Travelling through Pandemic

FEAR “Forget Everything And Run or Face Everything And Rise…” unknown writer

Mental Health Foundation describes fear as one of the most powerful emotions; it has a strong effect on the mind and the body. 

On a day-to-day basis we are faced with various levels or types of fear; unfortunately, we cannot be a fugitive of our fears as there is no escape – it will continue to haunt you.  There is a quote from Eric Thomas which reminds us of that “At some point in life You have to face Your fears.”

It was the month of June 2020 here I am behind closed doors – locked-down, and in the company of my four-year-old gazing at the television screen.  At that same time, I am chatting on the phone with a friend.  She says to me, “The first plane flying out to my home country – I am on it! I am going home to see my family!” 

Huh? Are you crazy? How can you think of boarding a plane in a middle of a pandemic?  That was my thought; it was a feeling of fear.  Family is extremely important (top of the list) but at that point fear had taken over my emotions.  I was not willing to take this risk. 

Helen Keller once said, “Avoiding danger is no safer in the long run than outright exposure.
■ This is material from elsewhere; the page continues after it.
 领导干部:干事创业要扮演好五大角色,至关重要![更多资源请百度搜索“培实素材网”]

The fearful are caught as often as the bold”

I carried this fear with me daily for a long time but one blessed day during the month of August, I woke up with that same feeling just like my friend.  By week two in the month of September – in the middle of the pandemic – I was on a plane with my four-year-old daughter on our way to our family.
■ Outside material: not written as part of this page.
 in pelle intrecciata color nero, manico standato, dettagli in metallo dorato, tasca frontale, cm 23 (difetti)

To get ready for that first pandemic trip I prepared a list of items I needed to purchase including masks, hand sanitizers, antibacterial wipes to wipe the tray tables on the plane, dried snacks and thereafter, I researched the travel protocols.  At that time the covid19 vaccine was not yet available hence vaccination was not on the ‘to do’ list.   The second task was to prepare my four-year-old for this trip and get her in the right mindset so that she understands that it is not our normal fun and frolic trip – don’t be touching the railings or countertops and your face; sanitize regularly – keep your mask on all the time.  Bathroom trips would be restricted – Yes, I may have been paranoid, but preparation was key.

In all this excitement we forgot to complete the travel questionnaire.  The airline representatives reminded us that the online form must be completed 24 hours prior to travel- Oh My God!! With all this excitement I missed this important item and here I was almost in tears thinking that our trip is ruined and maybe it was not meant to be.  Thankfully my husband intervened and made a few calls and eventually we got through. 

On arrival a rapid antigen test was administered for us, and we were allowed to go home to be with our family. 

Since then, we have made two additional trips and ready for the next one.

I overcame my fear by treating it like a problem-solving challenge and identifying the risks associated with that fear.  Thereafter, I developed some mitigants and set out a detailed plan which brought me to a level of comfort.    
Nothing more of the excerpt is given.